15. Josetsu. CATCHING A CATFISH WITH A GOURD. Muromachi period, ca. 1413.
Hanging scroll, ink and slight color on paper. 43-7/8″ × 29-7/8″ (111.5 × 75.8 cm).
Taizo-in, Myoshin-ji, Kyoto. [Fig. 14-15]

Explain the subject matter of this painting.

16. ROCK GARDEN, RYOAN-JI, KYOTO. Muromachi period, ca. 1480. Current garden design likely dates from around 1650. 29′ × 75′ (9 × 23 m). © Michael S. Yamashita/Corbis. [Fig. 14-20]

Do you think this rock garden is related to landscape painting? Why or why not?

17. Attributed to Kano Eitoku.
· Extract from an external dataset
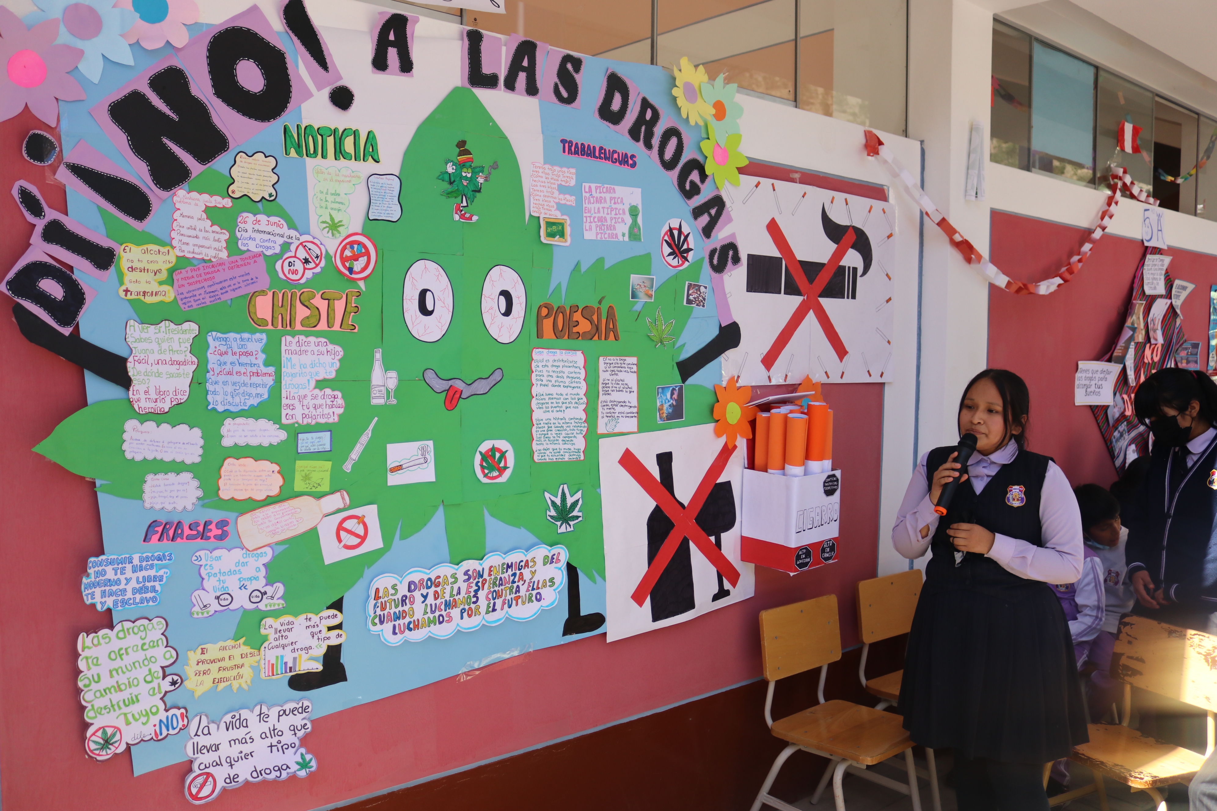 (27 de junio) Estudiantes de las instituciones educativas: “Señor de los Milagros”, “09 de Diciembre” y “Mirtha Jerí de Añaños, del distrito de San Miguel - La Mar, en coordinación con sus docentes y directivos, organizaron la Primera presentación de periódicos murales “Di ¡No! A las Drogas” en los ambientes de su colegio, para promover la cultura de prevención frente al consumo de drogas; ello en el marco de la celebración del Día Internacional de la Lucha contra el Uso Indebido y el Tráfico Ilícito de Drogas (26 de junio).

CYPRESS TREE. Momoyama period, 1590. Color, ink, and gold leaf on paper. 5’6-7/8″ × 15’1-1/2″ (1.7 × 4.6 m). Tokyo National Museum. Photo DNP Art Communications Co. Ltd. [Fig. 14-31]

How does this painting show aspects of Chinese painting, as well as an adjustment to a new display space and patron?

18. Kitagawa Utamaro. NIGHT RAIN. Edo period, ca. 1797. Polychrome woodblock print on paper. 15-1/8″ × 10-1/8″ (38.5 × 25.9 cm). The Art Institute of Chicago. [Fig. 15-16]

Toshusai Sharaku. OTANI ONIJI III AS YAKKO EDOBEI IN THE PLAY THE TWO-COLORED REINS. Edo period, 1794. Woodblock print, ink, color, and white mica on paper. 15″ × 9-7/8″ (38.1 × 25.1 cm). Metropolitan Museum of Art, New York. [Fig. 15-17]

In both form and subject matter, these prints show attention to new populations of urban life. How?

19. Katsushika Hokusai. THE GREAT WAVE OFF KANAGAWA. Edo period, ca. 1831.
Polychrome woodblock print on paper. 10-3⁄16″ × 15-3⁄16″ (25.9 × 38.5 cm).
Honolulu Academy of Arts. Gift of James A. Michener, 1955, 13695. [Fig. 15-18]

In your opinion, why has this image become so famous?